From the very beginning, this war was hellish. The war’s technology also meant the introduction of gruesome registers, qualities of sound people were wholly unaccustomed to hearing before. Cannons literally roared, artillery shells boomed, rifles and muskets whistled grimly. And then there was the chilling sound of injured men screaming and dying men gurgling their way to death.
If the ears were assaulted in this war, so too were the eyes. The sight of tens of thousands of men marching to battle was eye-opening; seeing the results of those battles was painful, even numbing. Bodies were disfigured, limbs were lost, and there was so much blood at times that soil turned red. Even for a time when it was common to see grisly sights such as slavery and whipping, no one could get used to these images.
War tested the limits of taste. Food riots in the Confederacy were not uncommon, and people used to bountiful pantries found themselves eating things hereto unimaginable. During the almost 50-day Union siege of Vicksburg, Mississippi, white Southerners, who subscribed to the idea that what they ate said a lot about their aesthetic taste and standing, ate food typically consumed by slaves—and worse. By siege’s end, some happily paid to eat rat and dog. Protocols of touch were also affected: elite whites used to standing proud now burrowed, crablike and stooped, in caves dug into the hillsides around the city. White men crammed themselves into submarines to fight in quarters so close, confining, and contorting, that they in some ways resembled the spaces endured by slaves in the unspeakable misery of the Middle Passage.

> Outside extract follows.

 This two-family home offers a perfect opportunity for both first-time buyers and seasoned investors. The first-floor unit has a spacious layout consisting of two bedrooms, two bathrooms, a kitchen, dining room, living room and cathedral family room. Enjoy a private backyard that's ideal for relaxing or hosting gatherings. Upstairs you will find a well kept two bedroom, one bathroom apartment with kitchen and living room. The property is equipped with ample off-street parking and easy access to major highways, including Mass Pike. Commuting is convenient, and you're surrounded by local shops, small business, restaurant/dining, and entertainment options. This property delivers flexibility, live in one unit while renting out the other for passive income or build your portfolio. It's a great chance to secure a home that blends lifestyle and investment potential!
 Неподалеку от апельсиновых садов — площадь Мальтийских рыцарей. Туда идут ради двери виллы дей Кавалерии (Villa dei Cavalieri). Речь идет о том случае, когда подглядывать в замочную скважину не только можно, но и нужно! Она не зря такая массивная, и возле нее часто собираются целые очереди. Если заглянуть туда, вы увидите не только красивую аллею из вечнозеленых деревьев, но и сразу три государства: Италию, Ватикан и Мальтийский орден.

And yet nestled in these experiences of the war was a noble quality that had less to do with the abstractions of liberty and freedom than with a willingness to endure a gritty and almost unbearable sensory assault. Witness the experience of Cornelia Hancock, a young Union nurse, following the slaughter at Gettysburg in July 1863. Bodies, thousands of them, lay so thick on the field that nurses like Hancock had to tiptoe through the carnage. As if this wasn’t enough, the days following the end of the battle took a truly stunning toll not just on the eyes but also on defenseless noses. To simply breathe, everyone in and around Gettysburg had to inhale the growing stench of thousands of unburied dead bodies. Hancock wrote in a letter:
A sickening, overpowering, awful stench announced the presence of the unburied dead upon which the July sun was mercilessly shining and at every step the air grew heavier and fouler until it seemed to possess a palpable horrible density that could be seen and felt and cut with a knife …

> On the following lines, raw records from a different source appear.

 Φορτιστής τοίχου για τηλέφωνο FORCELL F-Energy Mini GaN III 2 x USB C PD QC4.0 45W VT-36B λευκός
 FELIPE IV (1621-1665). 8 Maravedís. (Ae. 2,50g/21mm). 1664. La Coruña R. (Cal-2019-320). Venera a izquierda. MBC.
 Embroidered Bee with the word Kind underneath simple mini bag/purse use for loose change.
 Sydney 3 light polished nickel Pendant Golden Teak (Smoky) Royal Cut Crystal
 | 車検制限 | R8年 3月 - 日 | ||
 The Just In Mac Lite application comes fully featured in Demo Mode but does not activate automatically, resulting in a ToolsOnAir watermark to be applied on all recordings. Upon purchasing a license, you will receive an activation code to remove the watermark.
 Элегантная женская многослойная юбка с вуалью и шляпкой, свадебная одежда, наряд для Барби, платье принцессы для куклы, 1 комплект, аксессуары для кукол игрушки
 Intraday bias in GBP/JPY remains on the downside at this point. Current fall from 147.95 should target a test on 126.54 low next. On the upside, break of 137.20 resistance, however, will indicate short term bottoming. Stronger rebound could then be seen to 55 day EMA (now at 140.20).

Hancock could have left. Indeed, in the absence of nose lids, the only way she could have escaped the stench of death—and the disease people at the time associated with it—was by removing herself from the scene. But she didn’t leave. Neither did dozens of other nurses and doctors. They stayed not only because they were motivated by the noble ideals of this war, but also because they had personal missions to save those who could be saved, to help those who could be helped, and to close gently the eyelids of those whose death was imminent. And to do so, at every turn, they had to inhale the rank stench of decay and death.

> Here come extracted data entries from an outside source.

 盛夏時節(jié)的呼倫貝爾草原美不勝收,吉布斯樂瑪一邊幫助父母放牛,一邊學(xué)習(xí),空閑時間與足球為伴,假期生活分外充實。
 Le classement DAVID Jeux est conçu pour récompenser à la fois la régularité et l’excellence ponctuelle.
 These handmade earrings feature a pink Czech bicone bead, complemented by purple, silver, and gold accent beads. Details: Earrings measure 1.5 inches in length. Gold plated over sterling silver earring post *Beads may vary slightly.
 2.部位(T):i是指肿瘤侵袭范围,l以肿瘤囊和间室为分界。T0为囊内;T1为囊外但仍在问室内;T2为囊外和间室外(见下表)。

In some ways, the sensory experience of the Civil War helped Americans internalize Sherman’s claim that war is, indeed, hell. It was, perhaps, from that common sensory experience of this hellish war and the nature of the sensory sacrifices it demanded that Americans—white ones at least—were able to find common ground and effect a sentimental reunion of sorts after the war came to a close.
The Civil War overwhelmed the senses and exposed the idea of sensory mastery as a flimsy conceit. But in that sensory revolution were a thousand stories of sensory endurance and sensory sacrifice in which all Americans shared, regardless of their side, during this most righteous and stinking war.